Search code examples
phphtmlparsingdomdocument

How to prevent the PHP DOMDocument from "fixing" your HTML string


I have been trying to parse webpages by use of the HTML DOMObject in order to use them for an application to scan them for SEO quality.

However I have run into a bit of a problem. For testing purposes I've written a small HTML page containing the following incorrect HTML:

<head>
<meta name="description" content="randomdesciption">
</head>
<title>sometitle</title>

As you can see the title is outside the head tag which is the error I am trying to detect.

Now comes the problem, when I use cURL to catch the response string from this page then send it to the DOM document to load it as HTML it actually fixes this by ADDING another <head> and </head> tags around the title.

<head>
<meta name="description" content="randomdesciption">
</head>
<head><title>sometitle</title></head>

I have checked the cURL response data and that in fact is not the problem, somehow the PHP DOMDocument during the execution of the loadHTML() method fixes the html syntax.

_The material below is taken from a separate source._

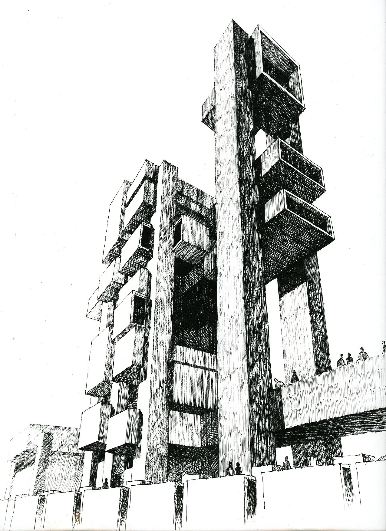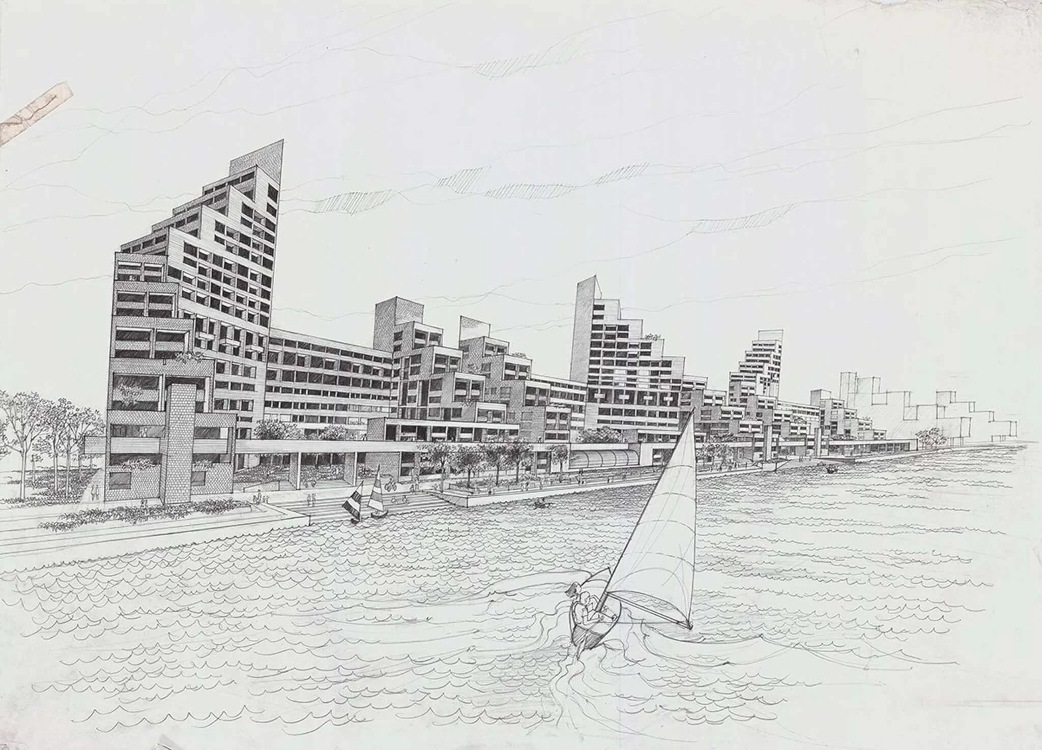 Drawing of the Roosevelt Island Housing Proposal, an unbuilt project designed by Myron Goldfinger in 1975.

I have also tried turning off the DOMDocument recover, substituteEntities and validateOnParse attributes by setting them to false, without success.

I have been searching google but I am unable to find any answers so far. I guess it is a bit rare for some one that actually want the broken HTML not being fixed.

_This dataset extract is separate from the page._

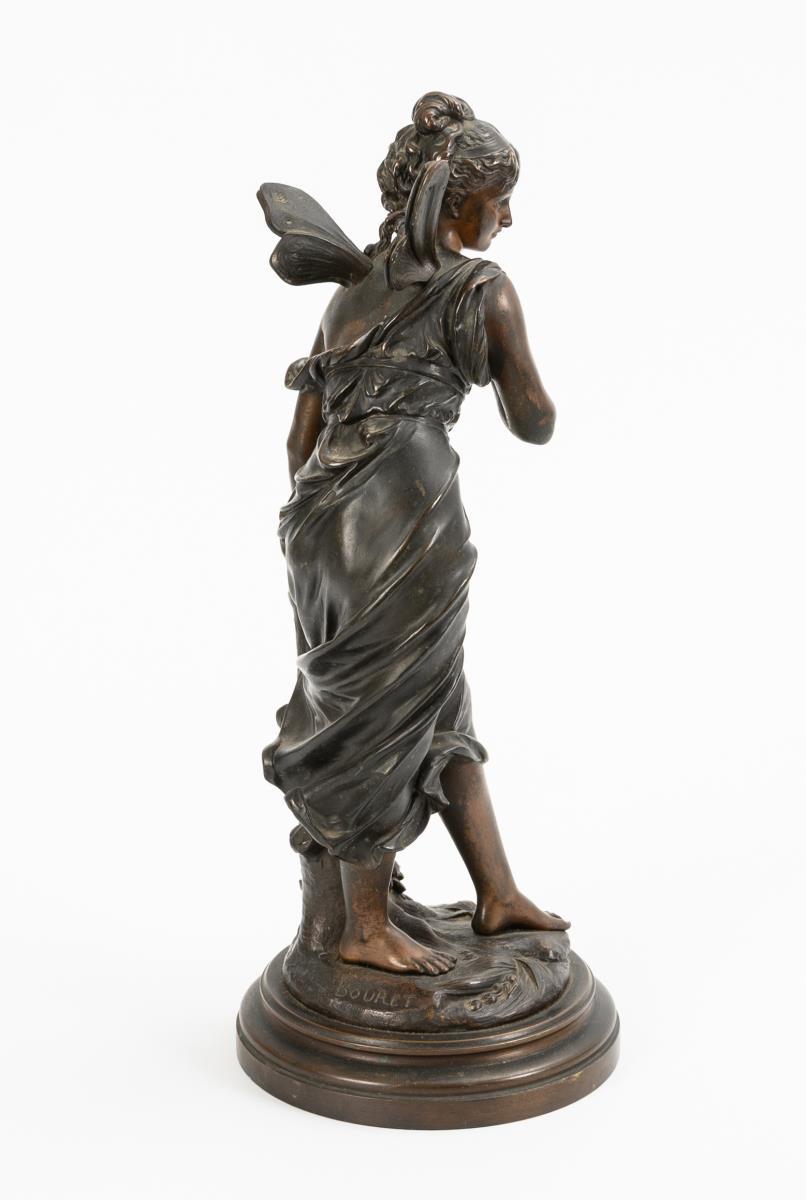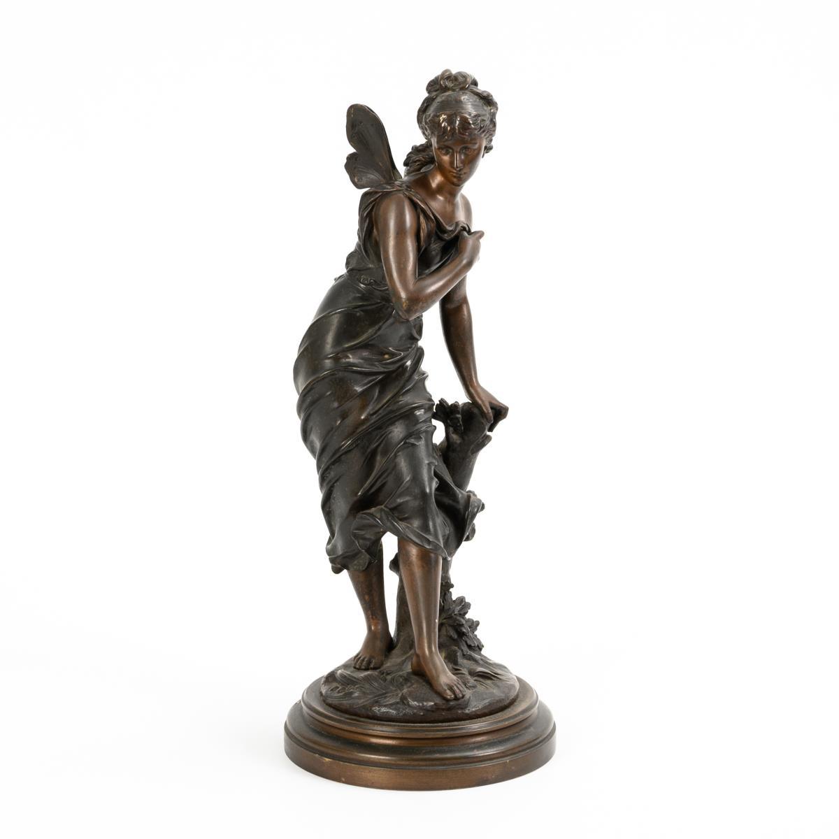 Sich auf den bewachsenen Baumstumpf stützende geflügelte Schönheit. Fleckige Patina mit kleineren Kratzern.

Anyone know how to prevent the DOMDocument from fixing my broken HTML?


Solution

  • UPDATE: as of PHP 5.4 you can use HTML_PARSE_NO_IMPLIED

    $dom->loadHTML($html, LIBXML_HTML_NOIMPLIED);
    

    Original answer below

    You cant. In theory there is a flag HTML_PARSE_NO_IMPLIED for that in libxml to prevent adding implied markup, but its not accessible from PHP.

    On a sidenote, this particular behavior seems to depend on the LIBXML_VERSION used.

    Running this snippet:

    <?php
    $html = <<< HTML
    <head>
    <meta name="description" content="randomdesciption">
    </head>
    <title>sometitle</title>
    HTML;
    
    $dom = new DOMDocument;
    $dom->loadHTML($html);
    $dom->formatOutput = true;
    echo $dom->saveHTML(), LIBXML_VERSION;
    

    on my machine will give

    <!DOCTYPE html PUBLIC "-//W3C//DTD HTML 4.0 Transitional//EN" "http://www.w3.org/TR/REC-html40/loose.dtd">
    <html>
    <head><meta name="description" content="randomdesciption"></head>
    <title>sometitle</title>
    </html>
    20707